The Five Types of Trademarks - Worth Millions to Worthless
The more distinct and creative your trademark is — the more protection trademark law affords to it.
WHAT TYPES OF TRADEMARKS CAN BE REGISTERED?
Fanciful, arbitrary, and suggestive trademarks can be registered upon first use in commerce.¹ Further, they can be protected in advance of intended future use, with an intent to use trademark application.
Descriptive trademarks cannot be registered without a showing of acquired distinctiveness, also known as secondary meaning.
Generic trademarks are never eligible for registration, as “[t]he name of a thing is in fact the ultimate in descriptiveness”.²
WHAT IS A FANCIFUL TRADEMARK?
A fanciful trademark consists of a made up word or series of words. Since the word or words have no recognized meaning to consumers the trademark is therefore, considered the most distinct type of trademark. As such, trademark law grants fanciful trademarks with the highest level of protection under trademark law.³
WHAT IS AN ARBITRARY TRADEMARK?
Arbitrary trademarks contains actual words, but are arbitrary in nature and have nothing to do with the goods or services that they represent. Just a step below a fanciful trademark in terms of strength, an arbitrary trademark is often used when a made up term simply does not fit within the concept or marketing strategy of the brand.
WHAT IS A SUGGESTIVE TRADEMARK?
A suggestive trademark provides a consumer some guidance as to how the trademark relates to the specific product or service that it represents, without actually describing the product or service.

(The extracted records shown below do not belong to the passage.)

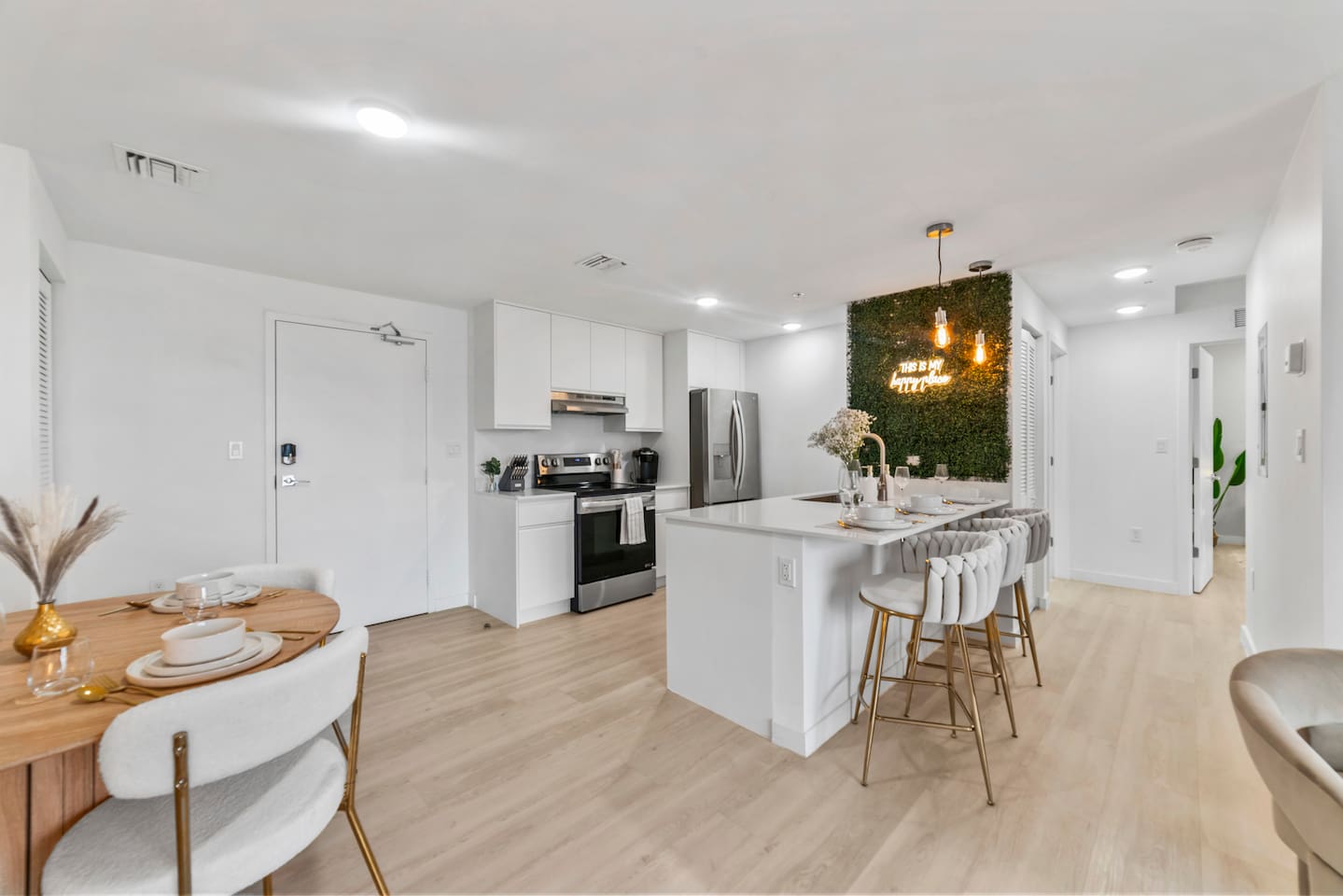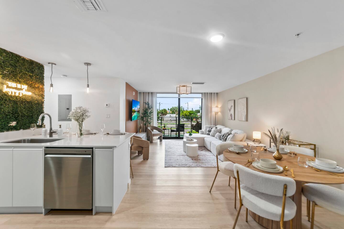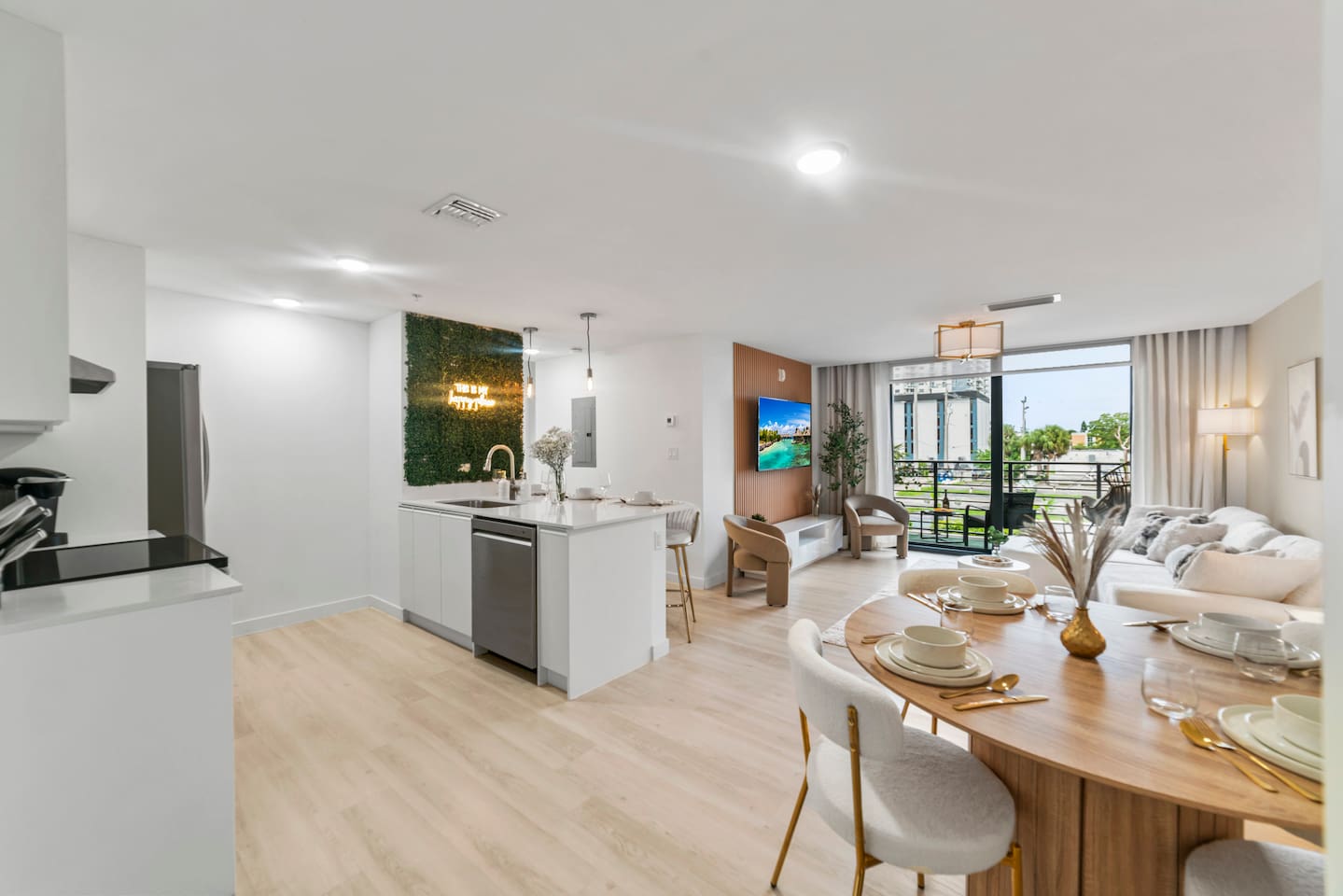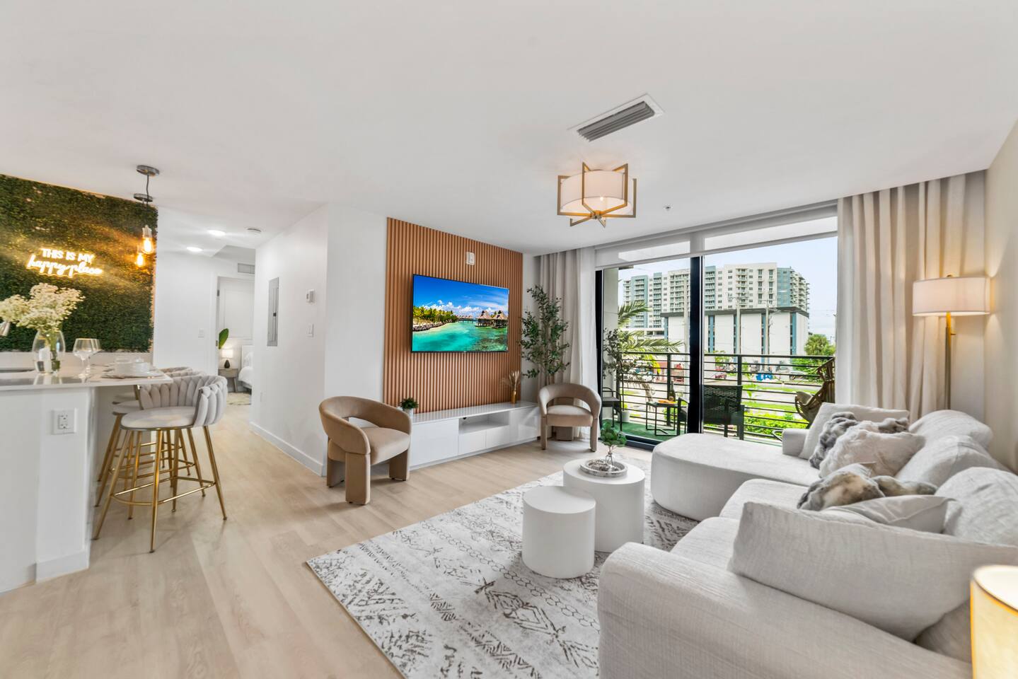Welcome to Soft Sands 🌟 Your private escape just minutes from Hollywood Beach. Step into Soft Sands - a serene blend of modern luxury and coastal elegance. This refined 2-bedroom, 2-bathroom retreat is thoughtfully designed to offer a peaceful escape—perfect for couples, families, or solo travelers who appreciate style, comfort, and tranquility. Unwind by the rooftop pool with panoramic city views, or relax in your beautifully curated suite, where every detail has been chosen to create an atmosphere of calm sophistication. Conveniently located just 15 minutes from Fort Lauderdale Airport and 25 minutes from Miami International Airport, this getaway offers both ease and exclusivity. 🌟Your Private Escape 🌟 Living Space 🌟 An elegant living room that offers a refined yet inviting atmosphere, perfect for unwinding after a day in the sun. Soft textures, modern accents, and thoughtfully curated décor create an ambiance of effortless luxury. Kickback in front of our 58” smart TV! Bedrooms 🛌 Indulge in comfort within two KING bedrooms, each appointed with plush bedding, and elevated design details to ensure a truly restful night’s sleep. Bathrooms 🚿 Two spa-inspired bathrooms evoke a boutique hotel experience, featuring spacious walk-in showers, premium toiletries, and fresh, fluffy towels that add a touch of indulgence to your daily routine. Kitchen 🧑🍳 A gourmet kitchen awaits you — fully equipped with high-end appliances, sleek finishes, and everything you need to craft a perfect meal or enjoy your morning espresso in style. Internet 🛜 Stay seamlessly connected with high-speed Wi-Fi and enjoy your favorite shows on the smart TV, all while surrounded by tranquil comfort thanks to central air conditioning throughout. Washer and Dryer 🧼 For extended stays, the convenience of in-suite laundry ensures every detail of your visit feels effortless and refined Private Balcony ☀️ Enjoy your morning coffee on a private balcony. Relax in a cozy egg chair while watching the sun go down. 🌟 Building Amenities 🌟 Rooftop Pool & Sun Terrace ⭐️ ☀️ Take in breathtaking panoramic views while cooling off with a refreshing dip. Whether you’re enjoying a quiet morning swim or sunset cocktails, the rooftop terrace offers the perfect backdrop for relaxation and indulgence. Fitness Center 🏋️♂️ Maintain your wellness routine in style with access to a fully equipped gym featuring modern equipment and a clean, airy atmosphere. Private Parking 🚗 Enjoy two secure, private parking spaces with automatic access—ensuring a smooth and seamless arrival and departure experience. Nearby Attractions 🌆 🏖️ 🎶 ⭐️ Hollywood Beach & Broadwalk – 7 minutes Explore a lively stretch of oceanfront dining, boutique shopping, and golden sands—ideal for both leisurely strolls and vibrant beach days. ⭐️ Hallandale Beach – 10 minutes Escape the crowds at this serene coastal gem, known for its calm waters and relaxed atmosphere. ⭐️ Aventura Mall – 15 minutes Discover luxury shopping, gourmet dining, and world-class entertainment all in one sophisticated destination. ⭐️ Seminole Hard Rock Hotel & Casino Immerse yourself in upscale nightlife, live performances, and exquisite dining experiences at one of Florida’s premier entertainment venues. ⭐️ Miami & Fort Lauderdale Effortlessly explore two of Florida’s most iconic cities—each offering its own unique blend of culture, cuisine, and coastal charm
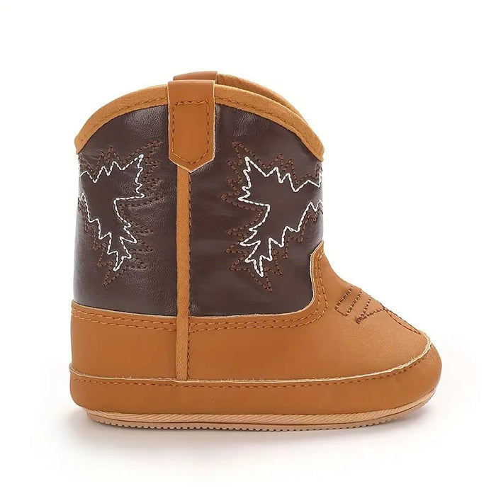 Infant Girls' Embroidered Cowboy Boots, Casual Mid-Calf Western Style Booties, Solid Color PU Upper, Fabric Lining, Rubber Sole, with Adjustable Strap Closure SH7164C
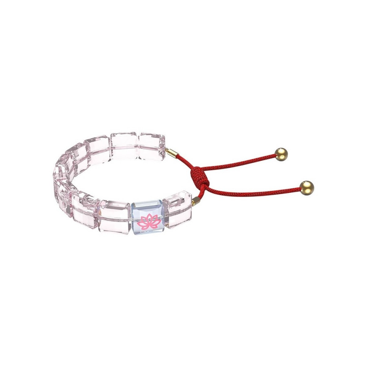 Questo bracciale è Realizzato con cristalli rosa taglio square e rifinito con un cordino regolabile in cotone cerato, ha un fiore di loto stampato, simbolo di amore infinito e buona fortuna.
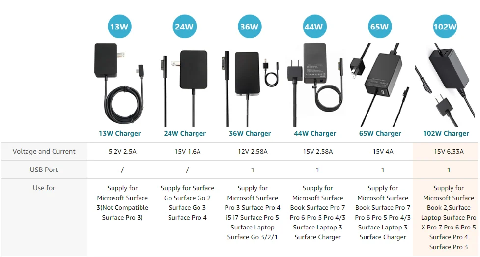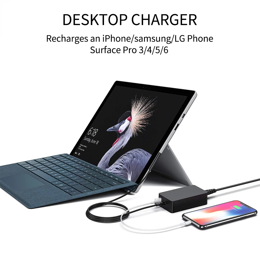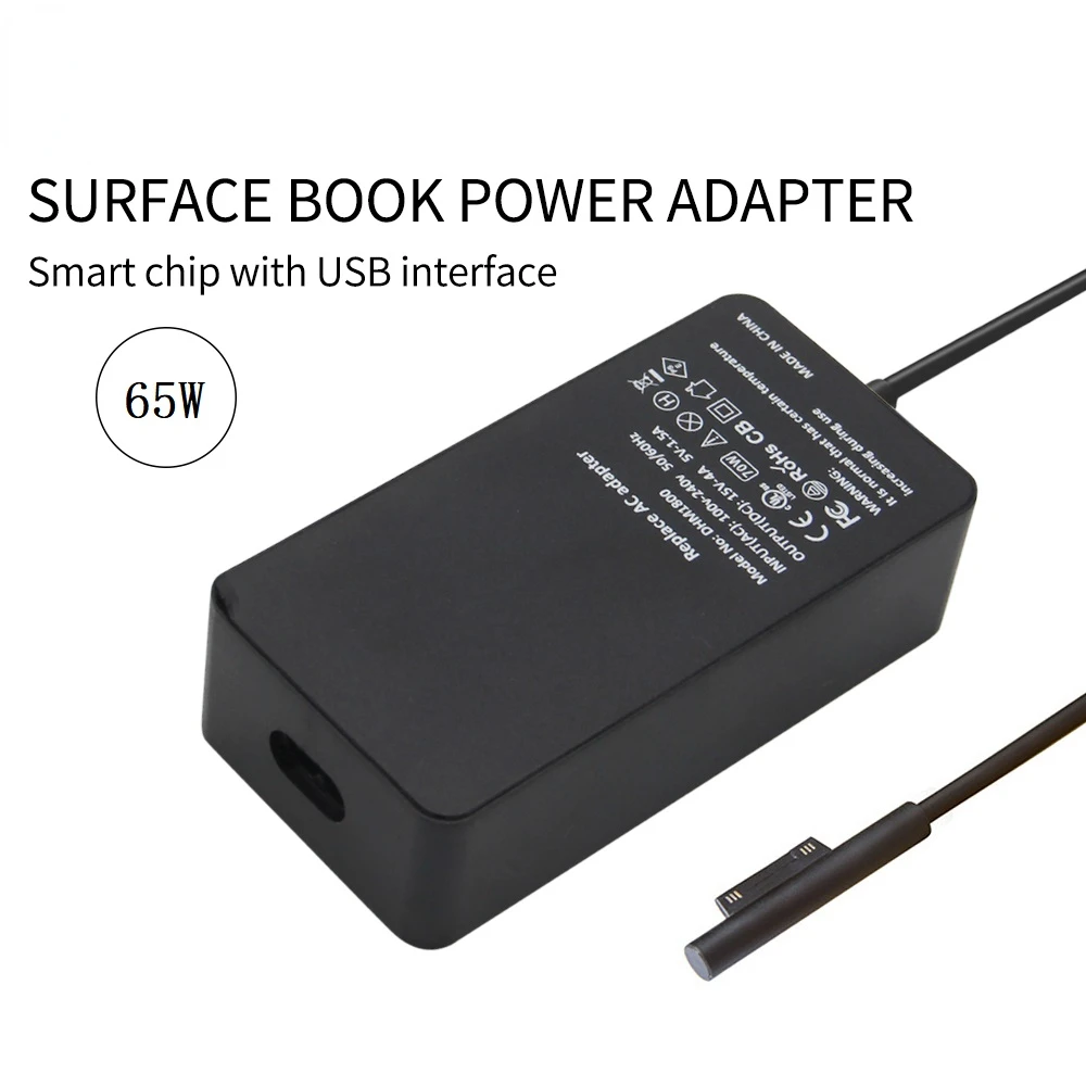 Funciona para Microsoft surface book/ pro3/ pro4/pro5/ pro6/ pro7 adaptador de corriente 1706 cargador con puerto de carga USB de 5V 1A para teléfono (compatible con 15V 2.58A y 15V 1.6A) carga rápida y sistema de protección contra sobrecarga/cortocircuito/protección contra sobrecarga/protección contra sobrecalentamiento
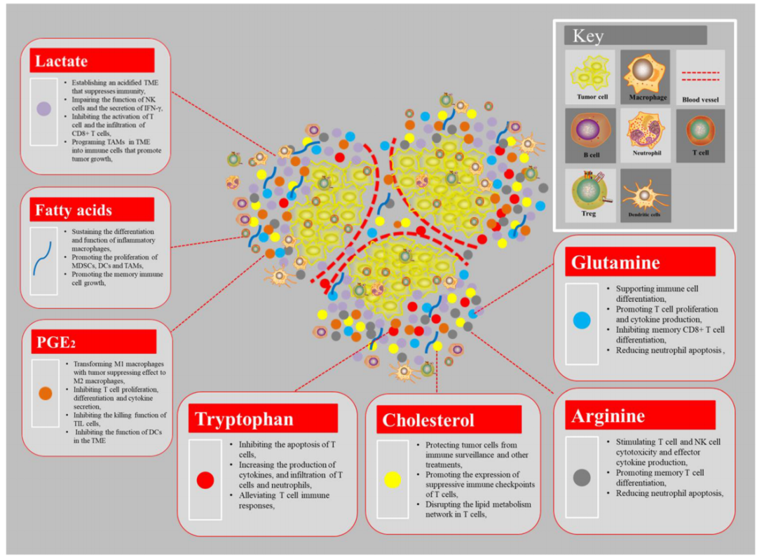 除了营养消耗外,肿瘤细胞产生的代谢物也会对微环境中的免疫细胞产生深远影响。
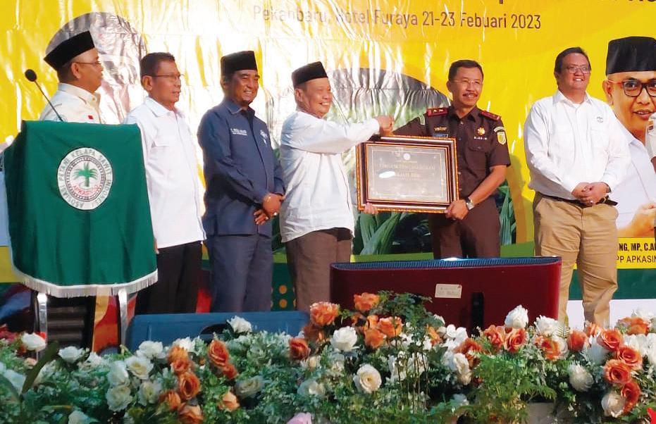 kepada Kajati Riau, Dr Supardi karena komitmennya mengawal harga TBS Sawit Riau. Award yang diberikan merupakan bentuk penghargaan dan apresiasi Apkasindo kepada Kepala Kejaksaan Tinggi
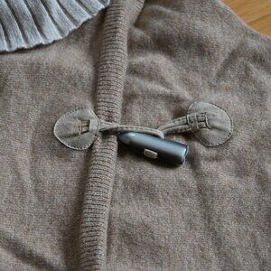 EUC Raffi two-tone cream and taupe Cashmere Turtleneck Poncho Sweater. One size. Excellent used condition. Leather toggle fastener on front, ribbed neck. 100% cashmere. A little wrinkled, but no flaws to note.
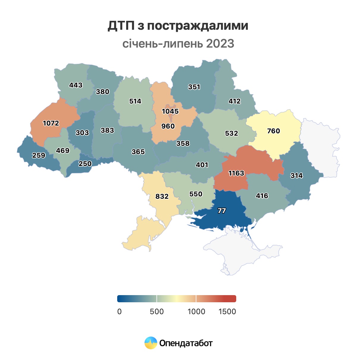 При цьому 16% від усіх ДТП з постраждалими стається у Києві та області.
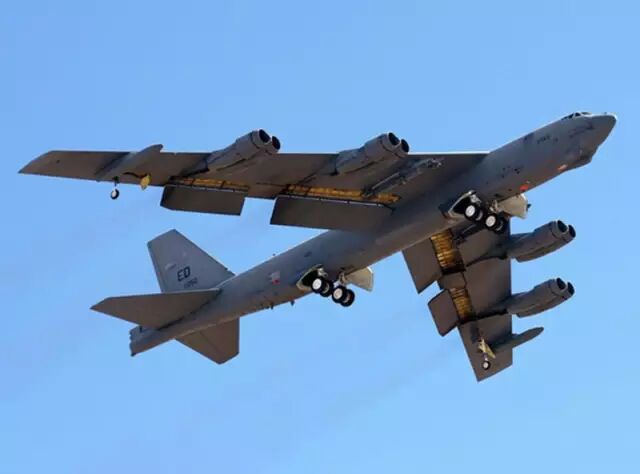 B-52是美国波音飞机公司研制的战略轰炸机,装有八台涡轮喷气发动机,具有卓越的远程续航能力和大载弹能力,目前仍是美国空军战略轰炸主力。随着美国亚太再平衡战略的实施,B-52被常态性部署于夏威夷与关岛安德森基地。
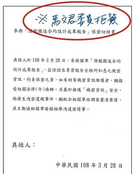 保密切結書曝光!註記「馬文君委員拒簽」 王定宇:就她沒簽 - 政治 - 自由時報電子報
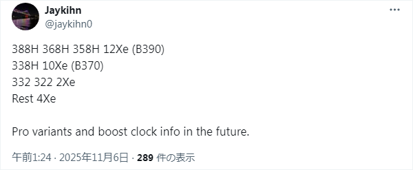 Jaykihn氏によると以前にリークされていた名称には誤りがあり、これがフルラインナップとのこと。ただ、ネーミングの頭の部分、『Core Ultra X9』や『Core Ultra X7』などは記されていません。またiGPUのXe数といった情報やTDPも別々にポストされています。

If a trademark, or a portion of a trademark, connotes an abstract concept, (i.e. one that is non literal), and as such serves as a metaphor for the actual good or service itself, such “metaphorical usage means the mark is arguably suggestive”.⁴
WHAT IS A DESCRIPTIVE TRADEMARK?
A descriptive trademark conveys an immediate idea of an ingredient, quality, characteristic, feature, function, purpose or use of the goods.⁵
Proper analysis is based upon “whether someone who knows what the goods or services are will understand the mark to convey information about them.”⁶
¹ 15 U.S.C. § 1051. See Nautilus Grp., Inc. v. Icon Health & Fitness, Inc., 372 F.3d 1330, 1340, 71 USPQ2d 1173, 1180 (Fed. Cir. 2004).
² H. Marvin Ginn Corp. v. Int'l Ass'n of Fire Chiefs, Inc., 782 F.2d 987, 989, 228 USPQ 528, 530 (Fed. Cir. 1986), quoting Weiss Noodle Co. v. Golden Cracknel & Specialty Co., 290 F.2d 845, 847, 129 USPQ 411, 413 (C.C.P.A. 1961).
³ Abercrombie & Fitch Co. v. Hunting World, Inc. 537 F.2d 4, 9 (2d Cir. 1976).
⁴ Xtreme Lashes, LLC v. Xtended Beauty, Inc., 576 F.3d 221 (5th Cir. 2009).
⁵ In re Gyulay, 820 F.2d 1216, 3 USPQ2d 1009, 1010 (Fed. Cir. 1987).
⁶ In re Tower Tech Inc., 64 USPQ2d 1314, 1316-17 (TTAB 2002).